Zastosowanie
Napisano Ponad rok temu
Czy nie jest tak, że większość z nas kupuje mega noże: Stridery, Mad Dogi a stawianym przed nimi zadaniom sprostałby zwykły BM Gamer za 1/6 ceny? Czy ktoś kto nosi Sebenzę lub Spyderco Military użytkuje je w sposób, któremu nie sprosta np.: Cara Cara lub Gerber E-Z Out ?
Zrozumiałe dla mnie jest , że człowiek który jedzie gdzieś w tajge musi polegać na swym ostrzu jak na Zawiszy, ale Bieszczady, Mazury lub biuro to jednak nie ta liga. Tak naprawdę to kupujemy jakość i markę a możliwości wykorzystujemy w niewielkim procencie .
Napisano Ponad rok temu
Ja wole miec przy sobie noz na ktory wiem, ze sie nie zawiode i nawet jesli nigdy nie bede musial wykrzesac z niego 100% mozliwosci, zawsze lepsze to, niz miec noz do d..., ktory w sytuacji, kiedy najbardziej tego potrzebuje, zawodzi.
Napisano Ponad rok temu
Czy takie extremalne zastosowanie wystarczy? :roll:
Napisano Ponad rok temu
Napisano Ponad rok temu
Kwalifikuje sie na hardkor?
A tak na poważnie - to lubię ten komfort psychiczny i świadomość, ze mam sprzęt który nie zawiedzie w razie potrzeby. I tyle.
PS: Przypomniało mi się. Raz włamałem się do lodówki przy pomocy SOGa Pentagona i SRK.
Napisano Ponad rok temu
Otwieralem szuflade Shadowem [podwazanie] bo klucz mi ktos zapierdzielil przypadeczkiem
A tak powaznie - zapas mocy chce miec bo LUBIE. No i jeszcze w razie czego, lubie abusowac noze
Napisano Ponad rok temu
O żesz Ty - teraz mi to mówisz :twisted:Wbijalem gwozdzia w sciane skirmishem
Odnośnie topicu - dziabałem na kawałki dla sikorek zamarzniętą słoninę ze skórą,
Green Beratem, używając jako młotka kawałka dechy. Hardcore??
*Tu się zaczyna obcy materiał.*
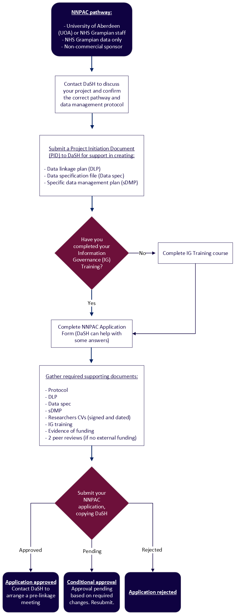 Please note, if you require datasets not covered by NNPAC, all researchers - including those affiliated with the University of Aberdeen (UOA) and NHS Grampian (NHSG) - will need to follow the Full Permissions Pathway. However, if there are datasets you require that are held locally by NHS Grampian, DaSH may be able to amend its Ethics to cover those datasets and your project may be eligible for NNPAC. This should be discussed with DaSH in your initial meeting (see below).

Tym samym GB rąbałem smreki na nosze dla kumpla, który złamał nogę w Beskidzie. Hardcore?
Pzdr.
-wój-
Napisano Ponad rok temu
Napisano Ponad rok temu
Napisano Ponad rok temu
wybor zalezy od zasobnosci portfela i wymagan (prawdziwych bardz "wymyslonych") uzytkownika
Napisano Ponad rok temu
Napisano Ponad rok temu
Napisano Ponad rok temu
Oprocz deliakatnych codziennych czynnosci ktore opisal Piter , z teg oco sobie przypominam to najbardziej zaskoczyl mnie Busse Basic 9 , ktorego po probowaniu roznych narzedzi urzywalem do wyrownywania asfaltu na driveway przed domem , przy pomocy mlotka( tu sie zlitowalam i wybralem gumowy) wyciolem asfalt na dlugosci 8 m , noz poza porysowana powloka i moze straceniem scary sharp kondycji nie pokazal zadnych ubytkow ( i tak jest do dzisiaj)
Napisano Ponad rok temu
Napisano Ponad rok temu
wiec co zrobilem? z braku innych narzedzi wyciagnalem moj noz kuchenny do ciecia chleba (ee.. jakies 4" dlugosci, stal nieznana, producent bodajze Gerlach..) i porabalem nim uralskie drzewka.. male sosenki i inne badziewie o srednicy ok 4cm, ktorego bylo pod dostakiem jako ze drogi w Rosji ida zazwyczaj przez srodek lasu po scieciu ok 5 sztuk i przycieciu ich pod katem dlugosci tak zeby dalo sie je przykleic tasma izolacyjna do (?) resorow pojechalismy dalej..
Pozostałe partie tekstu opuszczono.